从某种意义上说,"呼兰河"既是起源也是归宿,既是空间的也是时间的,它河流般的串起众多人事纷纭和离合聚散,也凝固着萧红的斑斓童年。
《呼兰河传》的第一,第二章写了空间上的呼兰河,没有我的声音和脚步,只是任回忆将这个小城的重建。天气,街道,大泥坑,火烧云,还有人,还有事,所有小镇可见的轮廓。
“严冬一封锁了大地的时候,着则大地满地的裂着口。从南到北,从东到西,几尺长的,一丈长的,还有好几丈长的,他们毫无方向地,更随时随地,只要严冬一到,大地就裂开口了。”〖2〗
“呼兰河就是这样的小城,这城并不怎样繁华,只有两条大街,一条从南到北,一条从东到西,而最有名的算是十字街了。
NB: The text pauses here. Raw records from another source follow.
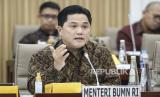 REPUBLIKA.CO.ID -- Menteri BUMN Erick Thohir menyampaikan paparan pada rapat kerja dengan Komisi VI DPR di Kompleks Parlemen, Senayan, Jakarta, Kamis (31/8/2023).
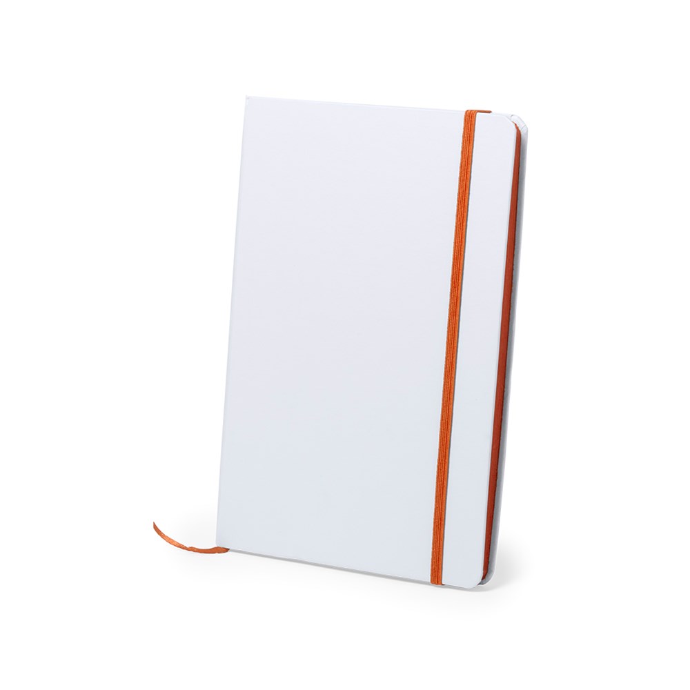Notepad with rigid soft-touch covers in white. 100 plain sheets with side in fun colors, elastic band and matching color fabric bookmark.
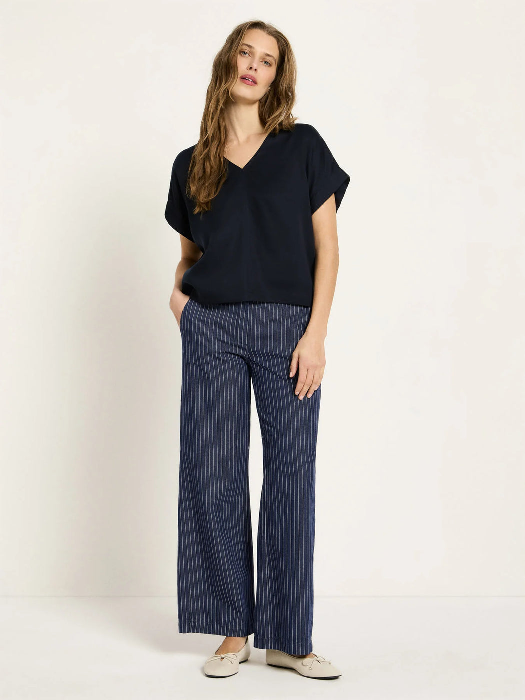 Dieses Blusenshirt aus TENCEL™ Lyocell überzeugt mit seiner fließenden Silhouette und einem femininen V-Ausschnitt, der dem Design eine moderne Note verleiht. Die weiten, kurzen Ärmel unterstreichen die luftige Leichtigkeit, während das atmungsaktive Material für ein besonders angenehmes Tragegefühl sorgt – ein elegantes Essential für Alltag und besondere Anlässe.
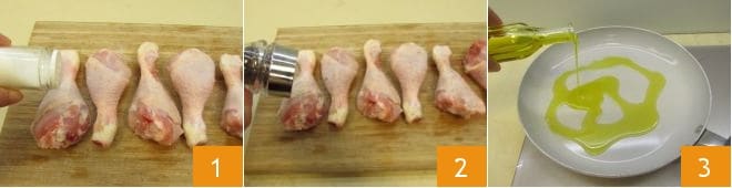 Para preparar los muslos de pollo con miel, toma tus muslos, asegúrate de que no queden restos de plumas, de lo contrario quémalas al fuego y luego lava los muslos bajo el agua corriente. Seca la carne con un paño de cocina y colócala sobre la tabla de cortar, luego sazona con sal fina 1 y pimienta negra 2 por ambos lados. Ahora vierte el aceite de oliva en una sartén 3,
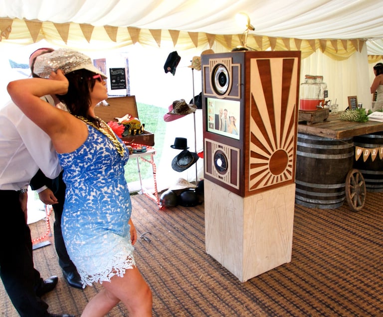 Bertie est un photobooth intérieur au style vintage, entièrement conçu à la main, pensé pour apporter une touche unique de fun et d’élégance à votre mariage, anniversaire ou événement.
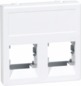 Ocs inzetplaat schakelmateriaal, kunststof, wit, gebruik modular-Jack, samenstelling modulair element voor sch, dekselset vloerpot/vloerg, geschikt voor merk ADC/Radiall, uitvoering oppervlakte mat, draagring, variant wit, 2 aansluitingen, T.b.v. Jack 2xRJ45-8P8C, 1 modules (bij modulair sys,

〖3〗
……”
“呼兰河除了这些卑琐平凡的实际生活之外,在精神上,也还有不少的盛举,如跳大神;唱秧歌;放河灯;野台子戏;四月十八娘娘庙大会……”〖4〗
在空灵而沉稳的笔调下面,萧红似乎是面无表情地讲述着呼兰河的布局,生活,习俗还有阴霾四合的社会空气以及愚昧麻木的国民心理。一切都是清描,一切都是淡写,一切与我无关,一切只是众人的广泛意义上的呼兰河。但在第一章里萧红却唯一详写了大泥坑,因为那个横梗街头的深达五六尺的大泥坑正是呼兰河阴暗可悲的标志和象征。它联系着人们的悲苦生活,联系着人们的麻木心理,联系着整个小城的阴安可悲的气氛。这里经常淹死马,陷住马车,夺去鸡,鸭,猪和不幸的小孩的生命,连空中飞翔的小燕子倘想用翅子点水,也有被粘住,被陷害的危险。但是公益的事业无人问津,人们悠闲自得的过着悠闲自得的生活。他们乐得在过路时扮演攀援跳墙跃泥坑的冒险大侠,乐得在黑夜静听寡妇唉哭死于泥坑里的独子,乐得在白天常常能够咀嚼被泥坑淹死的便宜猪肉。他们把生命消磨在寂寞的现实中,又把生命从现实中抽离只留下冷漠。这里不是乐土,也不是一般人想象中的家园,这却是呼兰河,那个北方冰封的小镇。在洞穿一切的超故事的全知视角与冰冷的心房面前,呼兰河是这样的真实,寒冷而又满目创痍。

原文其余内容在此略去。